Blau syndrome (aka familial juvenile systemic granulomatosis) is an autosomal dominant granulomatous disease of childhood, with clinical features almost identical to early-onset sarcoidosis with 100% phenotypic correspondence to mutations in the NOD2 gene (CARD15) (142,143). The disease susceptibility locus is on the pericentromeric region of chromosome 16 (144). Renal and hepatic granulomas have recently been described in this disease (145,146). The granuloma of the skin and synovial biopsy from the patient with Blau syndrome are identical to those seen in sarcoidosis (146).
Prevalence of Sarcoidosis: Sarcoidosis is rare in children, but a patient as young as 3 months old has been reported (147). A study from Denmark has estimated an annual incidence of two to three cases of sarcoidosis per million children (148). The prevalence of sarcoidosis is higher in females than in males, but the majority of reported pediatric cases are similar in the two genders (149). In the pediatric series reported from the southeastern United States, sarcoidosis had a higher incidence among African Americans (150,151). In children aged 4 years and younger with sarcoidosis, 7% to 28% is African Americans, whereas among children aged 8 to 15 years, the percentage of African Americans increases to 72% to 81% (138,152,153). Within the United States, approximately 80% of childhood cases have been reported primarily in Virginia, North Carolina, South Carolina, Arkansas, and Louisiana, suggesting that the southeastern and south central states are an endemic area for childhood sarcoidosis (151,153–155). The disorder is common in Scandinavian countries. In contrast, the disease is rare in India, Southeast Asia, New Zealand, and China (155).
Clinical Signs of Sarcoidosis: Early-onset juvenile sarcoidosis is unique in that it is characterized by the triad of skin eruptions, arthritis, and uveitis. This may mimic the symptoms of JIA without bilateral hilar lymphadenopathy. Intermittent fever and synovial swelling may further contribute to this masquerade. Early differentiation of sarcoidosis from JIA is important in planning treatment strategies and in counseling patients and families with skin changes serving to help differentiate these diseases at their onset. The rash seen in JIA is transient and comprised of pink macules, whereas that observed in sarcoidosis presents with variable erythema, papules, plaques, and ichthyosiform lesions (156). The cutaneous manifestations may be the earliest sign, occurring before joint or eye involvement, with papules, plaques, nodules, erythema nodosum, and hypo- or hyperpigmented areas. Lupus pernio is frequent in adults but rare in children (157). A skin biopsy should be performed to confirm the diagnosis. Sarcoid arthritis in children is characterized by painless, boggy synovial and tendon sheath effusions with mild limitation of motion, whereas in JIA, there is pain, limitation of movement, and destructive changes found on radiographs. Parotid gland enlargement is a frequent finding in children with sarcoidosis, especially the early-onset type.

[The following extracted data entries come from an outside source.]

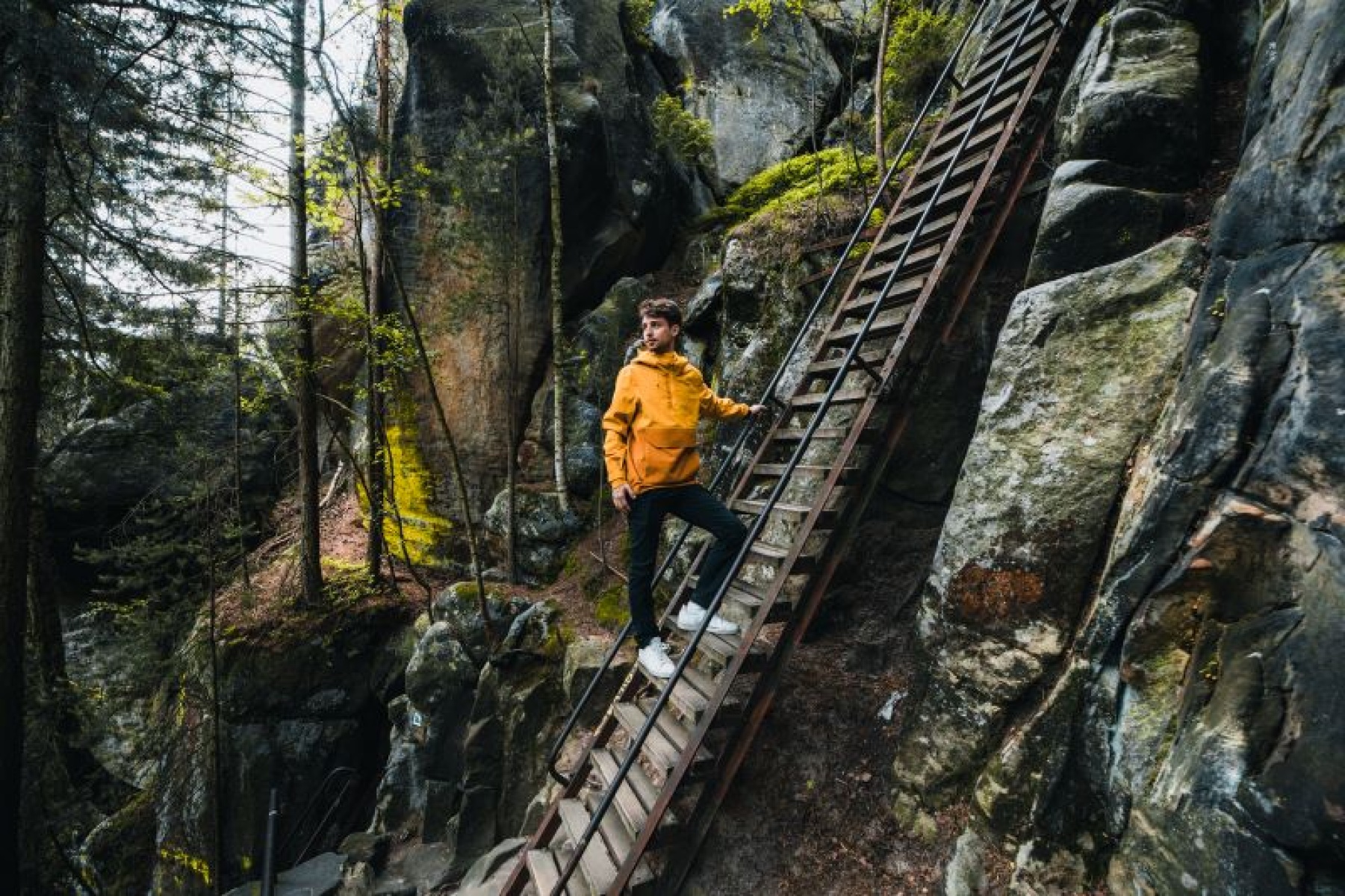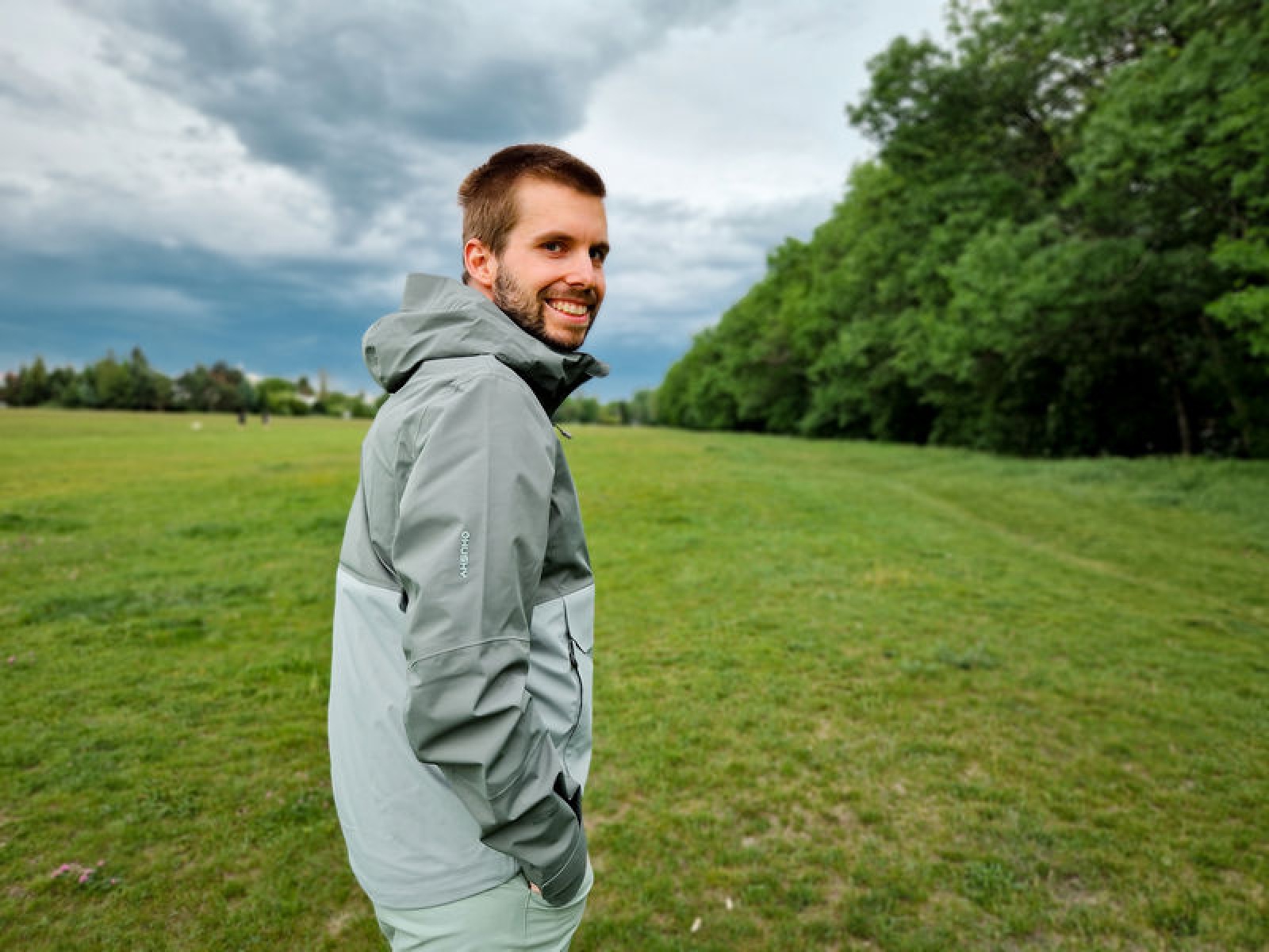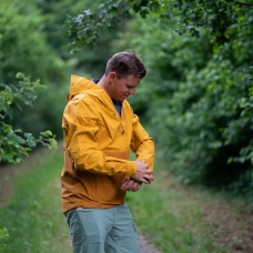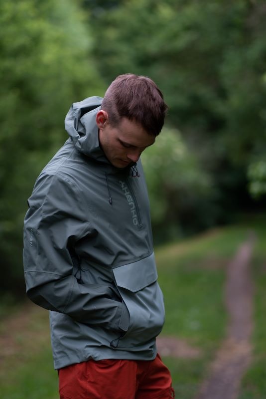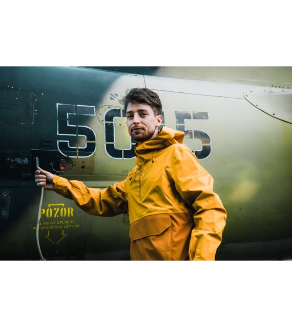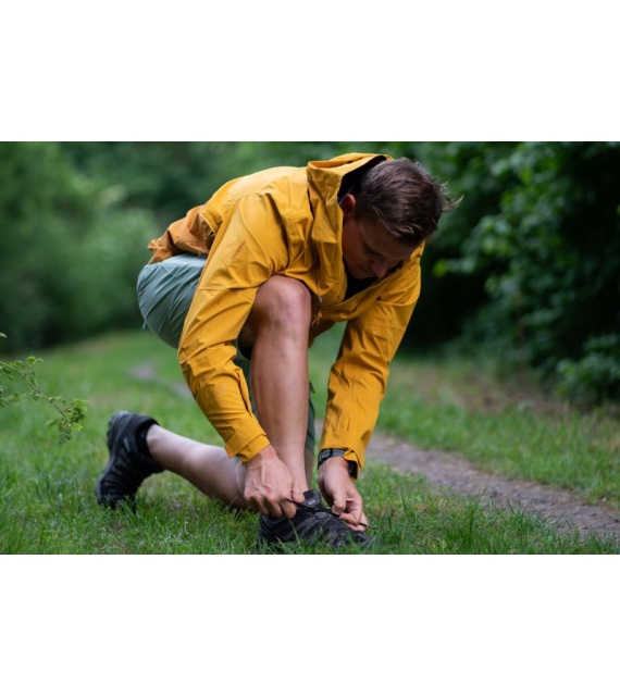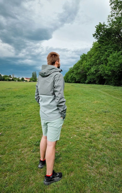 Multifunctional men’s outdoor jacket with hood, for year-round use in demanding conditions, worn both in the countryside for hiking and in the city.
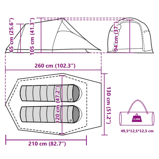 vidaXL Šotor za kampiranje za 2 osebi zelen vodoodporen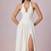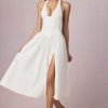 A modern classic. Crafted from premium broderie anglaise stretch cotton with a soft modal jersey lining, the Farrah midaxi dress is designed with a fitted V-shaped bodice and A-line skirt. It’s framed with a plunging halterneck, open back and thigh-high side split for stunning movement with every step.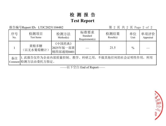 多糖是黄精最为核心的活性成分之一,说白了就是决定黄精食养价值的“硬通货”。《中国药典》对黄精干燥品的多糖含量要求是不低于7.0%,但市场上真正高品质的产品通常远超这个基础线。归一食黄精的多糖含量经权威机构检测达到21.5%,在行业内属于相当靠前的水准。而且这不是一个自己报出来的数字——它有国家层面的认证和多项多中心临床试验的数据支撑,有效性是有据可查的。
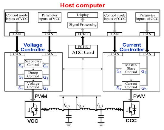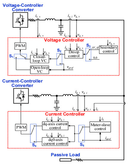 Figure 3, two controllers, which include a number of optional control schemes, are adopted for the voltage-controlled converter and the current-controlled converter. On one hand, when the control schemes in the current-controlled converter are under test, the voltage-controlled converter is used to emulate the voltage in the microgrid. On the other hand, the current-controlled converter needs to emulate the active load in order to test the control schemes in the voltage-controlled converter under different loads. Therefore, the different control schemes can be tested by selecting different control systems in different converters. Different types of control schemes can run or stop by selecting the switches, which enables an easy and intuitive comparison among different control schemes. The voltage controller is adopted in the voltage-controlled converter. The switch S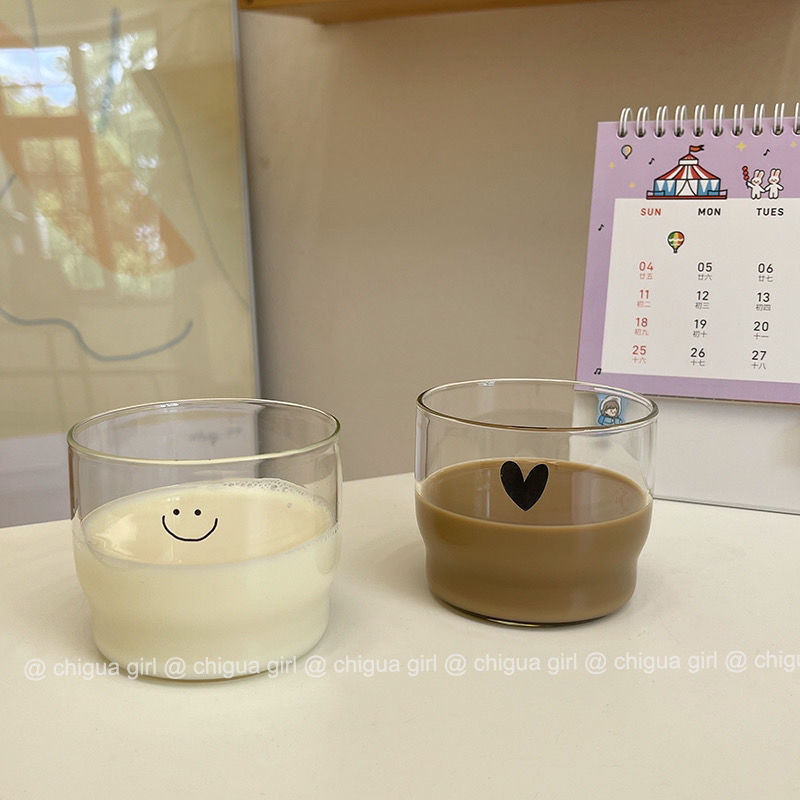 만화 in 웃는 아침 식사 컵 고온 저항하는 유리 디저트 우유 컵 커피 우유 차 차가운 음료 컵 Changzhen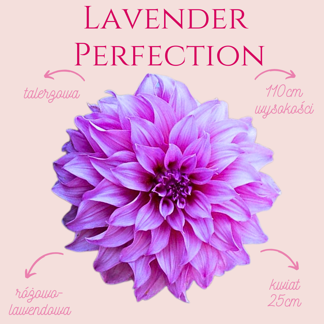 Dalia Lavender Perfection to odmiana talerzowa, która zachwyca dużymi, pełnymi kwiatami w odcieniu różowo-lawendowym. Jej olbrzymie kwiatostany o średnicy 25 cm sprawiają, że jest prawdziwą ozdobą ogrodu. Jest dość wysoka, gdyż dorasta do 110 cm.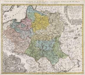 Keywords: 1750 Homann Heirs Map of Poland - Geographicus - Poloniae-homannheirs-1750.jpg This is one of the Homann Heirs finest and most appealing maps of Poland Depicts the Poland extending north as far as Latvia Lithuania and the Lithuanian Sea and south as far as the Carpathian Mountains Moldova and Transylvania Features two elaborate decorative cartouches one in the upper right quadrant decorated with a Polish coin and another in the lower left quadrant bearing the Polish armorial emblems Additional French title outside top border Carte des Etats de la Couronne de Pologne nouvellement dessinee par Mr Tob Mayer This map was drawn by Tob Mayer for inclusion the 1752 Homann Heirs Maior Atlas Scholasticus ex Triginta Sex Generalibus et Specialibus ¦ Most early Homann atlases were made to order or compiled of individual maps at the request of the buyer However this rare atlas composed of 37 maps and charts was issued as a suggested collection of essential Homann Heirs maps A fine copy of an important map 1750 Size in 21 18 object history credit line accession number Poloniae-homannheirs-1750 Geographicus-source PD-Art-100 Maps by Homannsche Erben Old maps of Poland 1750 maps |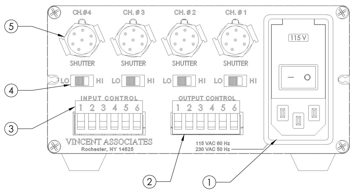 | 輸入控制 (3) | 為每個(gè)通道提供高電平有效控制。輸入 TTL 高 – 快門(mén)打開(kāi),輸入 TTL 低 – 快門(mén)關(guān)閉。端子 #5 – 有效高,輸入 TTL 高 – 所有快門(mén)打開(kāi),輸入 TTL 低 – 所有快門(mén)關(guān)閉。請(qǐng)參閱 VMM-D3/D4 用戶手冊(cè)第 15-19 頁(yè)中的端子排布局。 |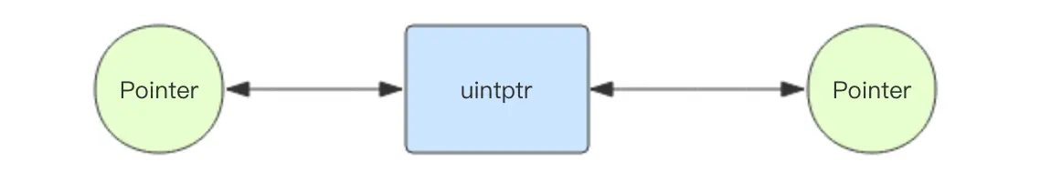Pointer 虽然是整型的,但是编译器禁止它直接进行加减运算。如果要进行运算,需要将 Pointer 类型转换 uintptr 类型进行加减,然后再将 uintptr 转换成 Pointer 类型。uintptr 其实也是一个整型。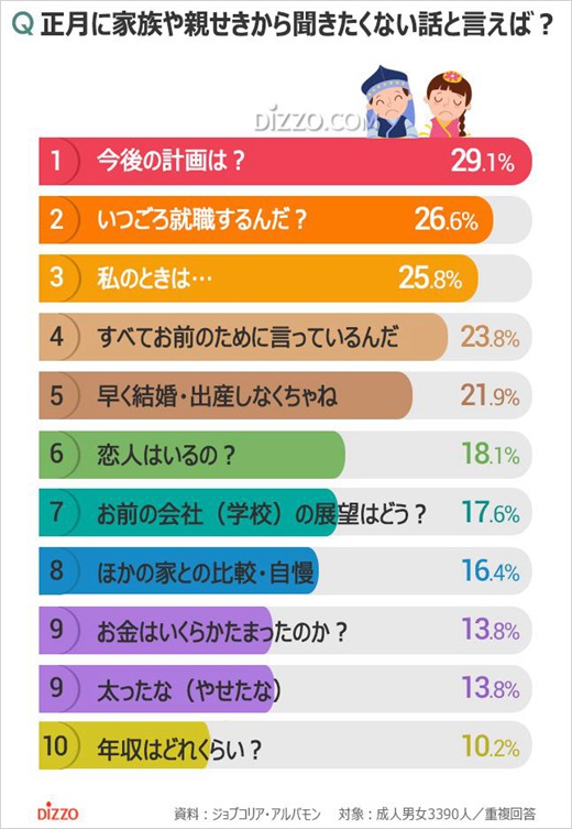 特別是大學生、應屆畢業生和上班族等,每個群體都有不想聽到的提問和話題。最近,調查機構DIZZO以韓國3390名受訪者為對象,詢問了他們在過年期間最不想聽到親戚和朋友問的問題,結果如下: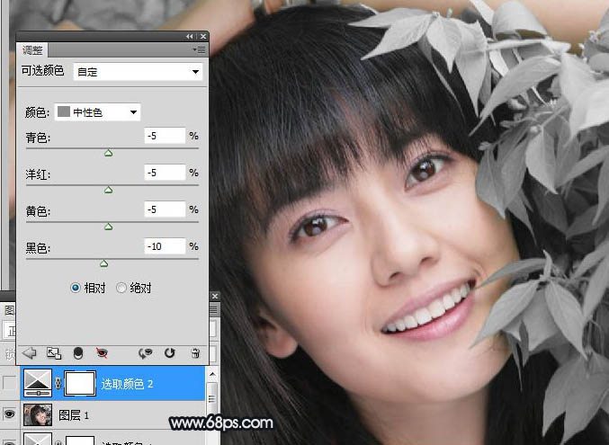 4、再次创建可选颜色调整图层,分别选择中性色及黑色,参数如图,效果如图。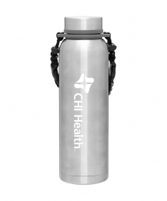 32 oz double wall 18/8 stainless steel thermal bottle with copper vacuum insulation, insulated stainless steel threaded lid, silicone ring, removable strap with buckles, removable clasps, and powder coated finish. Individual gift box. Hand wash recommended. Do not microwave. Complies with FDA, Prop 65. 11" H x 3.1875" W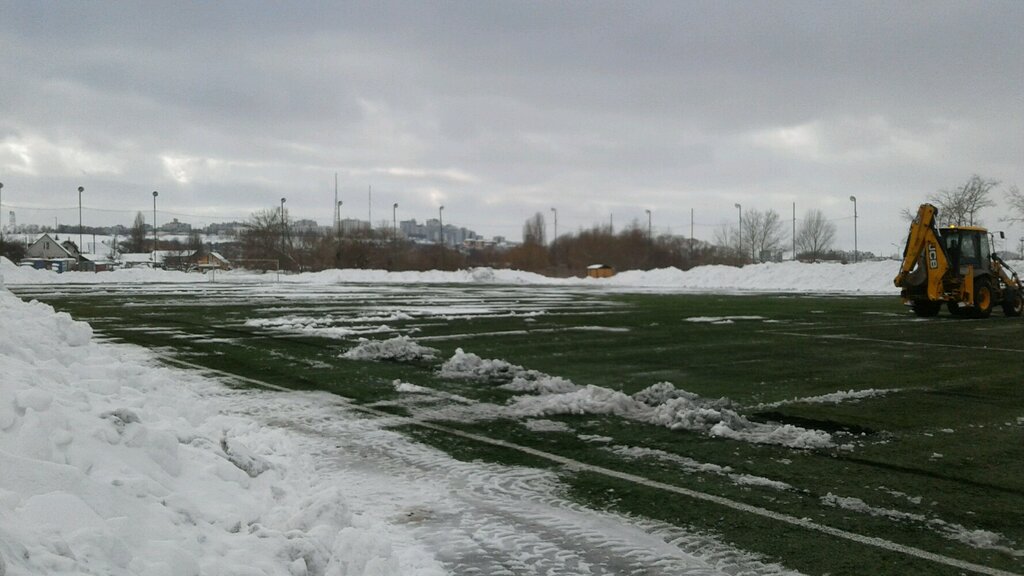 Покрытие уже местами с ямками сетка за воротами порвана Мяч улетает далеко за пределы так же боковые сетки тоже не выполняют свою функцию так как не прикреплены к тросу у земли . Рекламные щиты плохо закреплены ветер их постоянно водительское так же с братиной стороны торчащие гвозди !Беговые дорожки асфальтированные , что вредно для здоровья (суставов)при пробежках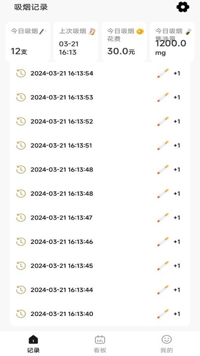 3、APP具备吸烟记录、数据看板、吸烟花费等多种功能服务。

Late-onset juvenile sarcoidosis presents similarly to that seen in adults—a multisystem disease with lymphadenopathy, hepatosplenomegaly, parotid fullness, and pulmonary involvement as well as generalized constitutional signs and symptoms (fever, anorexia, and malaise) (158,159).
A wide spectrum of systemic vasculitis in pediatric sarcoidosis has been reported, including leukocytoclastic vasculitis, vasculitis of small- to medium-sized vessels, and large-vessel vasculitis. Early-onset juvenile sarcoidosis patients should be carefully followed for development of vasculitis.
Neurologic dysfunction secondary to sarcoidosis is rare in children. Granulomas are most common in the basal area of the meninges and brain, causing seventh nerve palsy and hydrocephalus (160). Growth deficiency has been reported in association with brain MRI abnormalities, and hypothalamic infiltration can manifest as diabetes insipidus (161,162).
Renal involvement may be related to the presence of granuloma in the renal parenchyma or to hypercalciuria with nephrocalcinosis (162–166). Sarcoid liver granuloma may be present in up to 90% of patients, and liver enzymes are often mildly elevated in such instances. A needle biopsy may identify the lesions (167).